WORK ITEM -
Repeat each line of the data below exactly, but skip the pictures.

--- DATASET SECTION ---

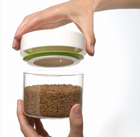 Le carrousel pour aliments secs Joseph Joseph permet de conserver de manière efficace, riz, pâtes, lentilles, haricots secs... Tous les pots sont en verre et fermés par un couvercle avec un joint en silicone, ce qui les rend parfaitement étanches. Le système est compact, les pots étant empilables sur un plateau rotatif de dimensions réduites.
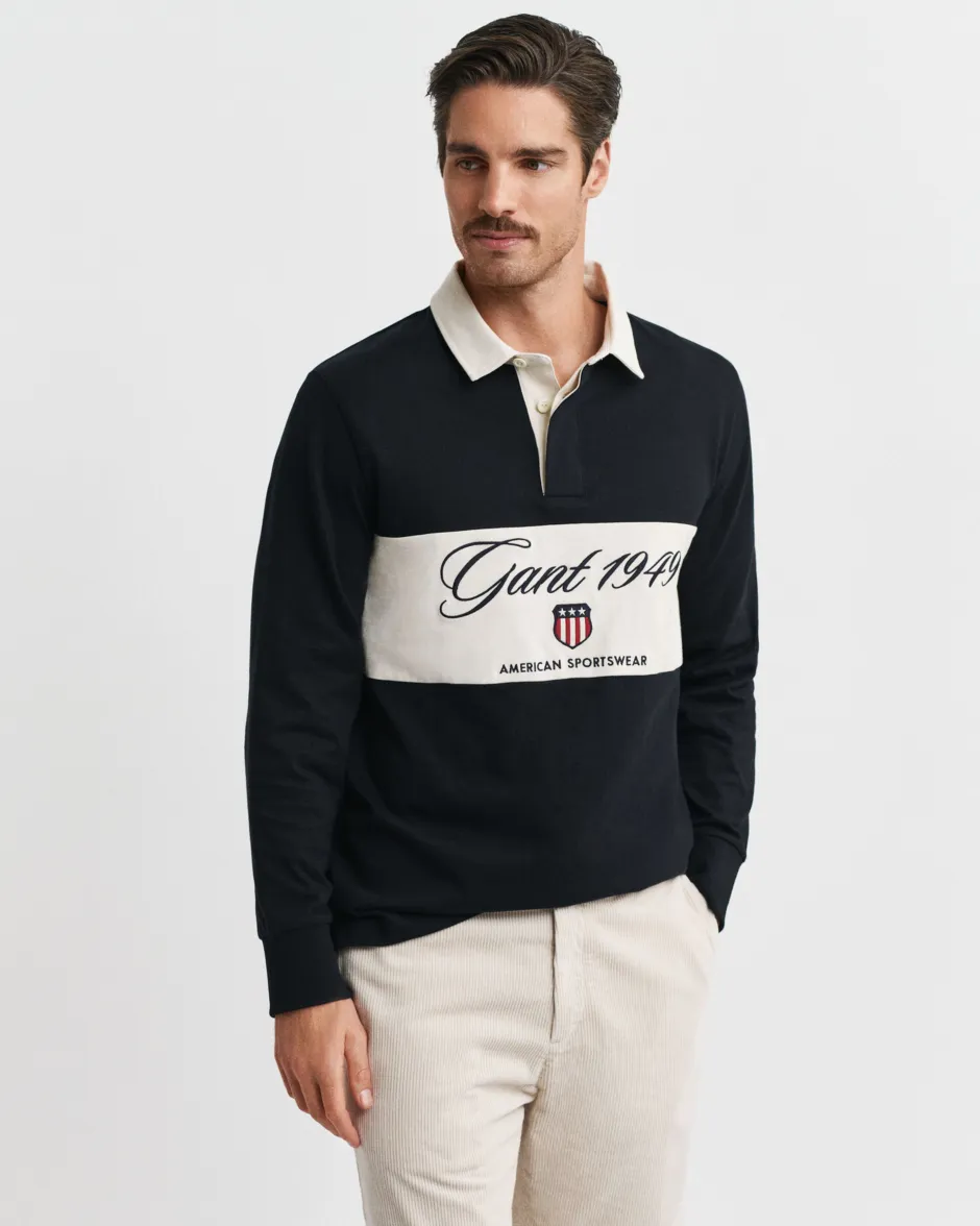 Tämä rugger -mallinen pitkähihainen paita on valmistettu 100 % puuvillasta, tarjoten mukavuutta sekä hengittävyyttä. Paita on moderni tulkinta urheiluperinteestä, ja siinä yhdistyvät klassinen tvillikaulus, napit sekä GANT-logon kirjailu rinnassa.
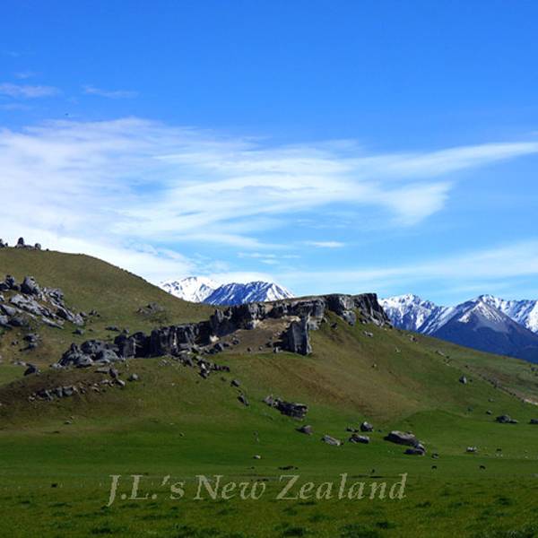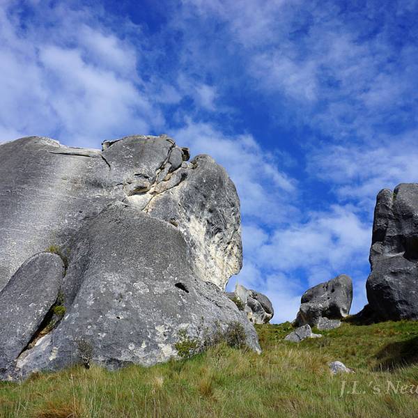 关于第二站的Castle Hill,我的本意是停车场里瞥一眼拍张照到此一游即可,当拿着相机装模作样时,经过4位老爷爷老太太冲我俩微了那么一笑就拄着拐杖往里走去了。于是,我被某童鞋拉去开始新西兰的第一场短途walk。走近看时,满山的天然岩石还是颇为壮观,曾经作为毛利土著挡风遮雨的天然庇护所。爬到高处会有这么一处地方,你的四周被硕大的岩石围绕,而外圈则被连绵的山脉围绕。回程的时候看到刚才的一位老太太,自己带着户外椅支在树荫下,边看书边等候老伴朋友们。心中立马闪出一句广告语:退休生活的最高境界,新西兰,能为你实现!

---

RESPONSE BELOW -
 Le carrousel pour aliments secs Joseph Joseph permet de conserver de manière efficace, riz, pâtes, lentilles, haricots secs... Tous les pots sont en verre et fermés par un couvercle avec un joint en silicone, ce qui les rend parfaitement étanches. Le système est compact, les pots étant empilables sur un plateau rotatif de dimensions réduites.
 Tämä rugger -mallinen pitkähihainen paita on valmistettu 100 % puuvillasta, tarjoten mukavuutta sekä hengittävyyttä. Paita on moderni tulkinta urheiluperinteestä, ja siinä yhdistyvät klassinen tvillikaulus, napit sekä GANT-logon kirjailu rinnassa.
 关于第二站的Castle Hill,我的本意是停车场里瞥一眼拍张照到此一游即可,当拿着相机装模作样时,经过4位老爷爷老太太冲我俩微了那么一笑就拄着拐杖往里走去了。于是,我被某童鞋拉去开始新西兰的第一场短途walk。走近看时,满山的天然岩石还是颇为壮观,曾经作为毛利土著挡风遮雨的天然庇护所。爬到高处会有这么一处地方,你的四周被硕大的岩石围绕,而外圈则被连绵的山脉围绕。回程的时候看到刚才的一位老太太,自己带着户外椅支在树荫下,边看书边等候老伴朋友们。心中立马闪出一句广告语:退休生活的最高境界,新西兰,能为你实现!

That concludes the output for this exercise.